Noah must take an enriched French 8 program in the fall, as it is required by the school that he’s enrolled in. As he has been studying Japanese until now, his French is basically nil.
No problem, I figured. This is one thing I can help with.
Wanting to ensure that he ended up with exactly the French he needs to know for Grade 8, I purchased B.C.’s Open School Introductory French 8 package. This was expensive — close to $200, as I recall, with shipping — but, it was designed exactly for students like Noah. The website billed it as “a mini bridging course for those students who want to take French 8 but have had no prior exposure to the French language.”
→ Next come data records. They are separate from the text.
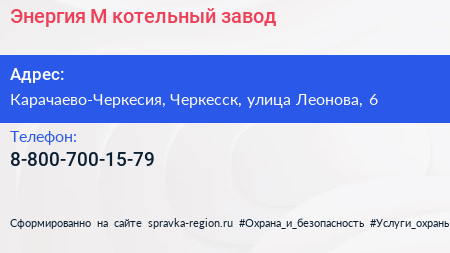 Энергия М, котельный завод по адресу Карачаево-Черкесия, Черкесск, улица Леонова, 6 в дальнейшем Организация, размещена в следующих категориях: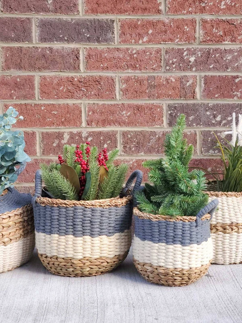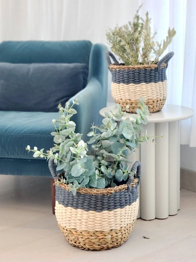 A set of two striped seagrass baskets, one of each size, to create attractive storage while adding natural texture to your home. Each basket is made with ethically sourced, natural materials and handwoven in a fair trade environment. Variation is celebrated with handcrafted products.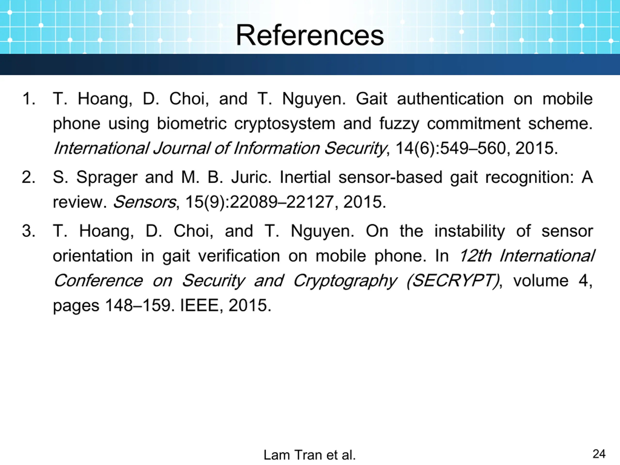 References 1. T. Hoang, D. Choi, and T. Nguyen. Gait authentication on mobile phone using biometric cryptosystem and fuzzy commitment scheme. International Journal of Information Security, 14(6):549 560, 2015. S. Sprager and M. B. Juric. Inertial sensor-based gait recognition: A review. Sensors, 15(9):22089 22127, 2015. T. Hoang, D. Choi, and T. Nguyen. On the instability of sensor orientation in gait verification on mobile phone. In 12th International Conference on Security and Cryptography (SECRYPT), volume 4, pages 148 159. IEEE, 2015. 2. 3. Lam Tran et al. 24

What a disaster! Half an hour with this program, Noah was ready to drop out of high school just to keep from having to take French. And I was wishing he would.
Briefly, here’s why:
- The first sentence in the workbook is, “C’est le premier jour d’ecole” and you’re immediately asked to “Choisis le bon nom et dis si la personne est un garcon ou une fille.” There is no English translation. So, with no knowledge of any nouns or verbs, you’re expected to write, in French, that Sylvie is a girl, Michel is a boy, and so on, making sure to correctly use “un” or “une” and “je suis” “tu es” “elle est” and so on. There is no vocabulary list and no explanation. The second exercise requires you to be able to conjugate a reflexive verb, again without instructions. After that, it becomes immensely more complex.
- There is a shrink-wrapped booklet to accompanying the workbook, containing self-marking activities. The several pages of instructions seem to be on how to use the cassette tapes (”set the counter to zero”), but there is no translation of the exercises, no information about grammar, and no dictionary. Confusingly, the set no longer comes with cassettes, but instead with a CD, DVD, and VHS tape.
- The CD should be helpful, as it is a recording of someone reading the workbook exercises with proper pronunciation, but it is difficult to use because you can’t fast forward it or repeat what you’ve just heard. You must go back to the beginning of the CD and listen to the entire thing again, every time.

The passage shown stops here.